Su protagonismo en el sistema financiero internacional y la falta de entendimiento y regulación de este activo, lo han convertido en un foco de estafa, como los modelos de captación ilegal y las pirámides. Esto nos lleva a reflexionar sobre los peligros del dinero fácil y a alertar a los ahorradores colombianos partiendo de esta popular frase de nuestros abuelos: “ojo porque de eso tan bueno, no dan tanto”.

La magia del dinero virtual

El bitcoin es la primera “moneda virtual”, aparece en el 2009 y se le atribuye a Satoshi Nakamoto, de quien no se conoce su identidad.
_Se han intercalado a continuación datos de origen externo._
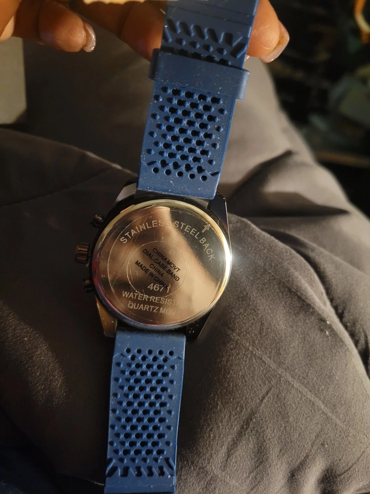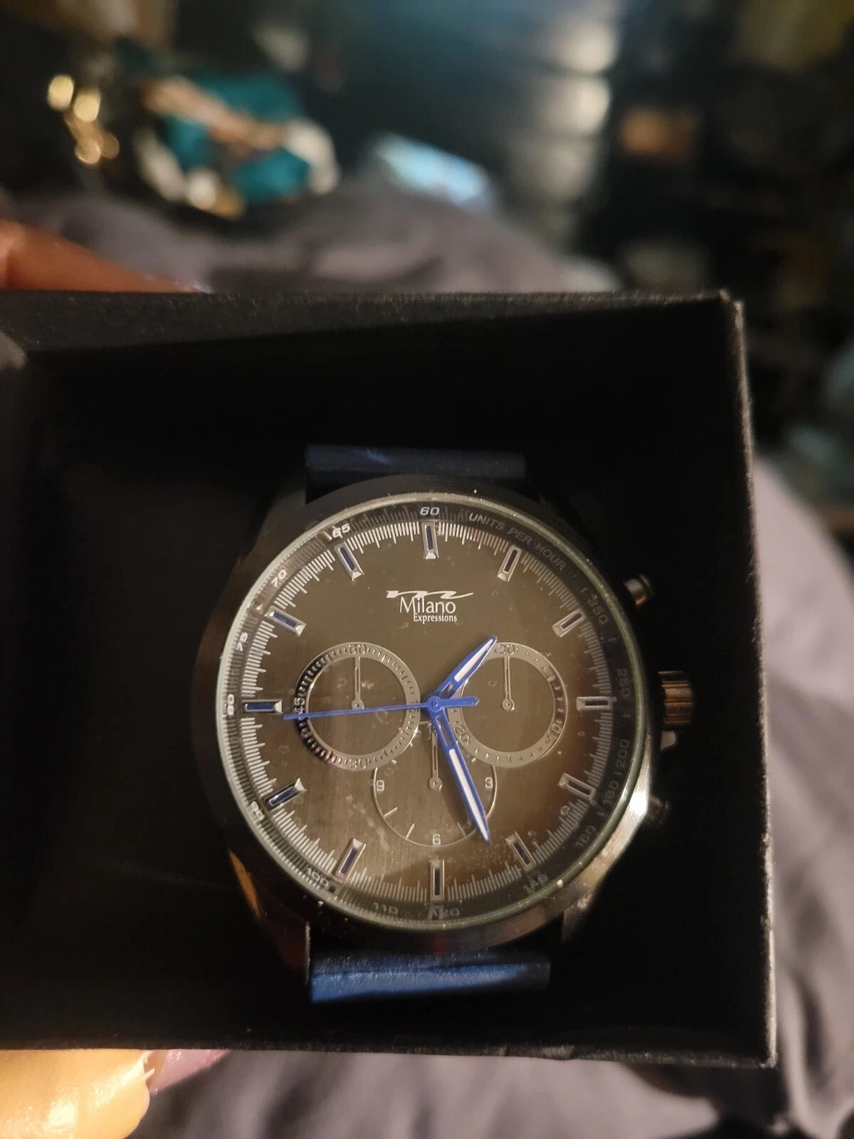 Men's Milano Military Style Watch Black Face & Blue Band 10" With Pillow And Box

A diferencia de las monedas tradicionales, no son emitidas por una autoridad monetaria o Banco Central. En su lugar, se encuentran respaldadas por una red informática de usuario a usuario (peer to peer), compuesta por las computadoras de quienes realizan transacciones con ella. El sistema es similar a las redes usadas para el intercambio y descarga de programas, música y videos como BitTorrent y Ares, y su valor responde a la oferta y demanda de quienes la usan.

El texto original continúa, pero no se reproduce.